**SUPPLIED DATA:**
::::::::

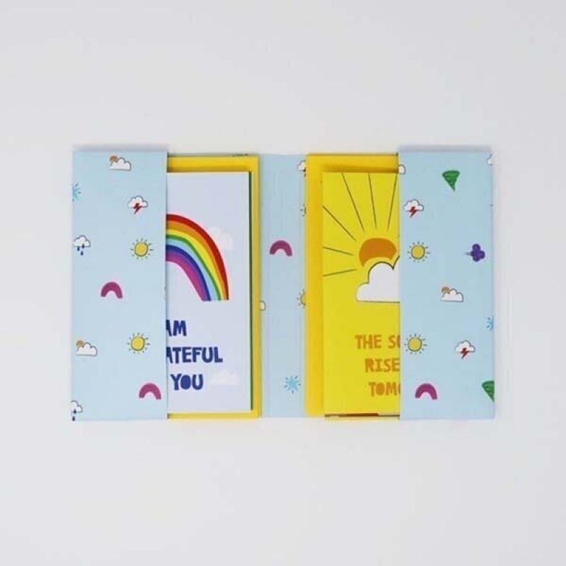 your life a real spark of joy and positivity! We’ve taken 10 illustrations from our Positive Doodle Diary and added some lovely positive messages: I am so grateful for you You are like sunshine to me You are a super star You make me so proud Storms don’t last forever The sun will rise again tomorrow I believe in you Sending you a massive hug You are so loved When it rains, look for rainbows. When it’s dark, look for stars These notecards are just lovely for the children in your life to send or receive. But if we’re honest, we think they’re so fab adults will want them too! Each pack contains 10 notecards. The insides are blank for your own message and they come with matching yellow envelopes. Additional Information Cards: approx. 14.5 x 10.5 cm Box: approx. 16.5 x 12 x 2 cm 10 x notecards |
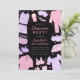 Convide convidados para a sua festa de pijama com o nosso Convite de Aniversário do Sleepover. Design cor-de-rosa e roxo com pijama, máscaras de sono, chinelos, pizza, pipoca, esmalte de unhas e elementos mais divertidos da festa PJ.
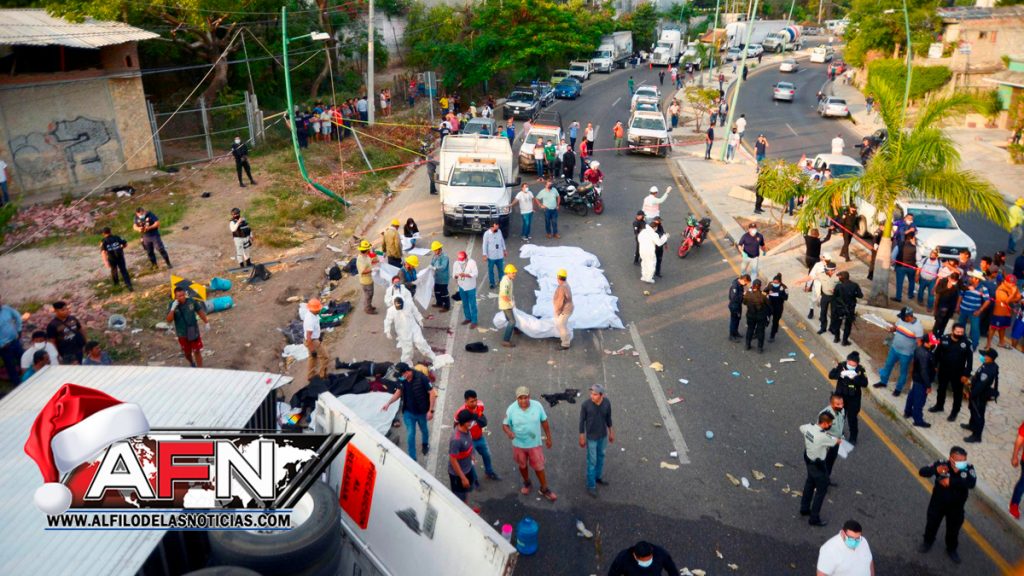El tráiler donde viajaban los migrantes indocumentados chocó con la pared del muro de un puente peatonal, según el reporte de la Fiscalía de Chiapas.
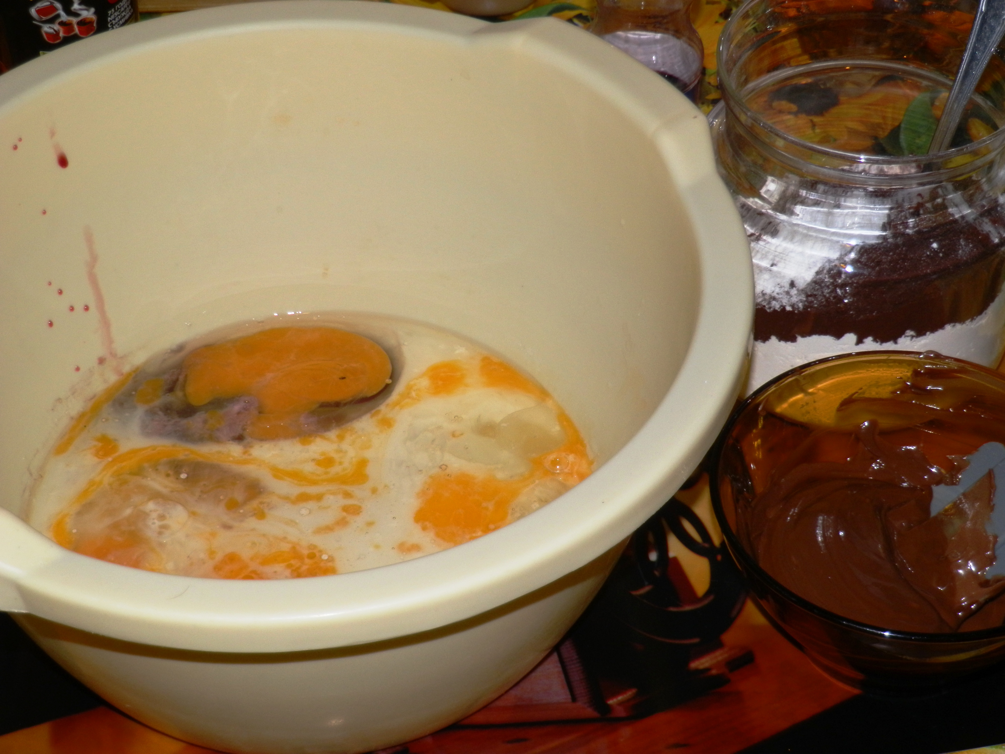 2.Разбих с бъркалка, а не с миксер, докато захарта на дъното се разтопи. Добавих лъжица по лъжица брашняната смес. Накрая течния шоколад - 200 грама, леко разтопен в микровълнова.

::::::::

**WORK REQUEST:** Images should not appear in the copy; retype the listing above exactly.

**OUTPUT:**
 your life a real spark of joy and positivity! We’ve taken 10 illustrations from our Positive Doodle Diary and added some lovely positive messages: I am so grateful for you You are like sunshine to me You are a super star You make me so proud Storms don’t last forever The sun will rise again tomorrow I believe in you Sending you a massive hug You are so loved When it rains, look for rainbows. When it’s dark, look for stars These notecards are just lovely for the children in your life to send or receive. But if we’re honest, we think they’re so fab adults will want them too! Each pack contains 10 notecards. The insides are blank for your own message and they come with matching yellow envelopes. Additional Information Cards: approx. 14.5 x 10.5 cm Box: approx. 16.5 x 12 x 2 cm 10 x notecards |
 Convide convidados para a sua festa de pijama com o nosso Convite de Aniversário do Sleepover. Design cor-de-rosa e roxo com pijama, máscaras de sono, chinelos, pizza, pipoca, esmalte de unhas e elementos mais divertidos da festa PJ.
El tráiler donde viajaban los migrantes indocumentados chocó con la pared del muro de un puente peatonal, según el reporte de la Fiscalía de Chiapas.
 2.Разбих с бъркалка, а не с миксер, докато захарта на дъното се разтопи. Добавих лъжица по лъжица брашняната смес. Накрая течния шоколад - 200 грама, леко разтопен в микровълнова.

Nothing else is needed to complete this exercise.